FWIW, I have Real Time Windows Defender turned off.

Started with MEP 11, then 17, then MX, then MEP 2013, 2015, then 2016. Changed to the fast competitor after that, which worked fine with my non-Intel hardware. Then bought a used Dell with an Intel GPU, just to play with MEP again. Installed MEP 2020 Plus in March 2020, even tho I don't like losing patches if I have to reinstall after a year.

Testing on a Dell Vostro, <s>i3-8100</s> updated to i5-9400 w/ UHD 630, 16 GB 2400 DDR4 (CL15), Win10 Home, heavily NTLite'd. Now with GTX-1650 Super OC'd. Added a WD Blue M.2 for OS (PCIe 3), Apps, Temps and Video-In. 2 Monitors. A WD Blue SSD for outputs. (SATA III.)

Comments

johnebaker wrote on 12/4/2019, 5:14 AM

@pmikep

Hi

. . . . The 3 minute clip, with nothing done to it, took 1 minute to encode. . . . .

Assuming the export was MP4 h.264 at the same resolution, then that is, IMO, a very good rate of 90 fps - I have tested a similar resolution project on my system - see my signature, and get a similar fps rate - the project included transitions, a variety of effects.

The problem I have with 'performance testing' is that until we have identical standard set of projects at FullHD, 2K and 4K resolutions for example, comparisons are going to be indicative only.

. . . . If it were more in the neighborhood of 30 seconds (like a free High End competitor) I might buy MEP 2020 . . . .

While the 'free' high end competitor may be faster, there are other very popular NLEs which are slower.

IMHO - while this is a desired performance, the practicality gives you something different .

The reasoning behind this is that the performance is very dependant on the following:

  • Effects that have been applied to the objects on the timeline, some are hardware accelerated, others not and in the case of some effects such as Denoising can reduce the export rate to a crawl 2 - 10 fps
     
  • Design elements such as collages have variable effects on the export rate depending on their complexity
     
  • Quoting export times introduces another variable dependence - the export framerate - you will noticed I prefer to quote in FPS - this removes the difference in framerates of the exported video, eg exporting at 25 fps vs 50 fps, for the same project, the former is going to be quicker for the former in terms of time, but not if you quote the export as fps.
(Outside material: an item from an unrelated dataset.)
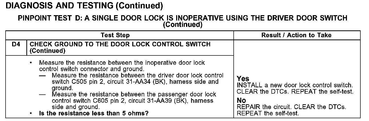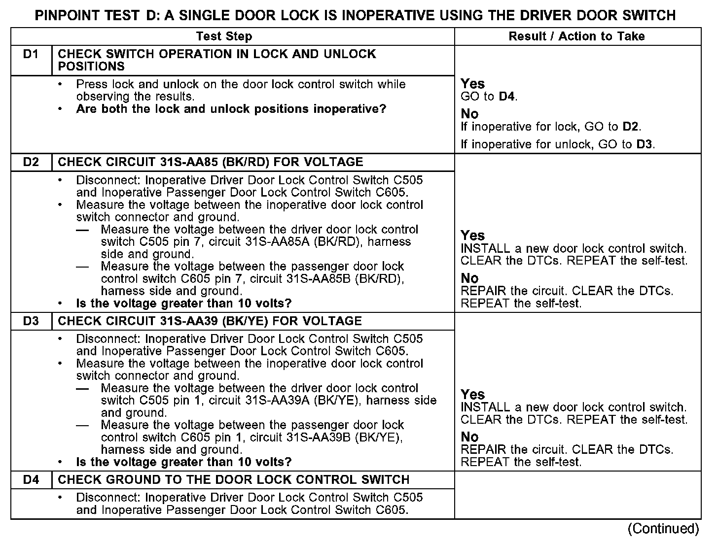 PINPOINT TEST D: A SINGLE DOOR LOCK IS INOPERATIVE USING THE DRIVER DOOR SWITCH

I have been using Movie Edit Pro since version 11, having moved from other budget, mid and high end video editors, and its best feature is the flexibility in terms of track usage, ie you can put any video, images, titles and audio (objects) on any track, you are not restricted to having specific tracks for specific types of objects, there are many other reasons and a logical work flow.

Personally I would say go for MEP 2020 Premium.

HTH

John EB

 

Last changed by johnebaker on 12/4/2019, 5:16 AM, changed a total of 1 times.

VPX 16, Movie Studio 2025, and earlier versions 2015 and 2016, Music Maker Premium 2024.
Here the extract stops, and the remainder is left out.